What is being asked: Please return the full listing word for word, leaving out any pictures.

Data supplied:
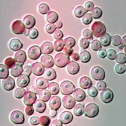 - ^ Xu J, Saunders CW, Hu P, et al. (November 2007). "Dandruff-associated Malassezia genomes reveal convergent and divergent virulence traits shared with plant and human fungal pathogens". Proc. Natl. Acad. Sci. U.S.A. 104 (47): 18730–5. Bibcode:2007PNAS..10418730X. doi:10.1073/pnas.0706756104. PMC 2141845. PMID 18000048.
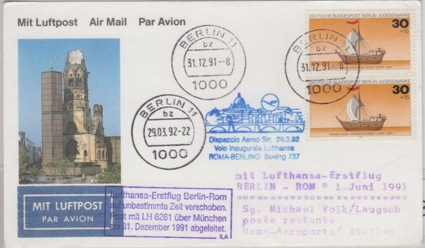 Der ursprünglich geplante Erstflug wurde verschoben (siehe Hinweisstempel)
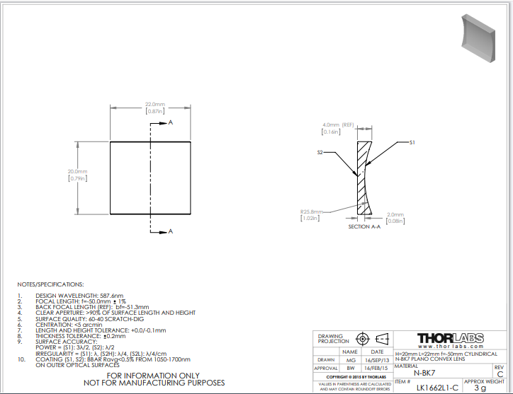 Thorlabs索雷博 LK1662L1-C 平凹柱面透镜
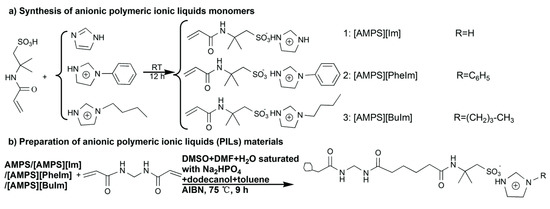 Another approach is to prepare a PIL composed of IL-based monomers. For example, a series of 2-acrylamido-2-methyl propane sulfonate [AMPS−] combined with imidazolium [IM+], phenylimidazolium [PhIM+], butylimidazolium [BuIM+] and N,N-methylenebisacrylamide (MBAA) as crosslinkers was prepared and applied in protein adsorption experiments [114]. Figure 8 shows a schematic illustration of the preparation of these PIL materials. In another example, 1-vinyl-3-butylimidazolium chloride was copolymerized with EDMA to prepare a MIP selective for chlorsulfuron [115]. This MIP was further evaluated to determine chlorsulfuron from water samples by on-line SPE-LC-UV and achieved recoveries greater than 80%. Several other examples of ILs as materials for SPE can be found in reviews of the subject [116,117].
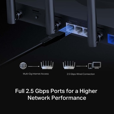 Har 4× 2,5G-portar, inklusive 1×2,5 Gbps WAN-port och 3×2,5 Gbps LAN-portar bryter igenom 1G-flaskhalsen för att driva dina enheter till topprestanda.

Solution to this exercise:
 - ^ Xu J, Saunders CW, Hu P, et al. (November 2007). "Dandruff-associated Malassezia genomes reveal convergent and divergent virulence traits shared with plant and human fungal pathogens". Proc. Natl. Acad. Sci. U.S.A. 104 (47): 18730–5. Bibcode:2007PNAS..10418730X. doi:10.1073/pnas.0706756104. PMC 2141845. PMID 18000048.
 Der ursprünglich geplante Erstflug wurde verschoben (siehe Hinweisstempel)
 Thorlabs索雷博 LK1662L1-C 平凹柱面透镜
 Another approach is to prepare a PIL composed of IL-based monomers. For example, a series of 2-acrylamido-2-methyl propane sulfonate [AMPS−] combined with imidazolium [IM+], phenylimidazolium [PhIM+], butylimidazolium [BuIM+] and N,N-methylenebisacrylamide (MBAA) as crosslinkers was prepared and applied in protein adsorption experiments [114]. Figure 8 shows a schematic illustration of the preparation of these PIL materials. In another example, 1-vinyl-3-butylimidazolium chloride was copolymerized with EDMA to prepare a MIP selective for chlorsulfuron [115]. This MIP was further evaluated to determine chlorsulfuron from water samples by on-line SPE-LC-UV and achieved recoveries greater than 80%. Several other examples of ILs as materials for SPE can be found in reviews of the subject [116,117].
 Har 4× 2,5G-portar, inklusive 1×2,5 Gbps WAN-port och 3×2,5 Gbps LAN-portar bryter igenom 1G-flaskhalsen för att driva dina enheter till topprestanda.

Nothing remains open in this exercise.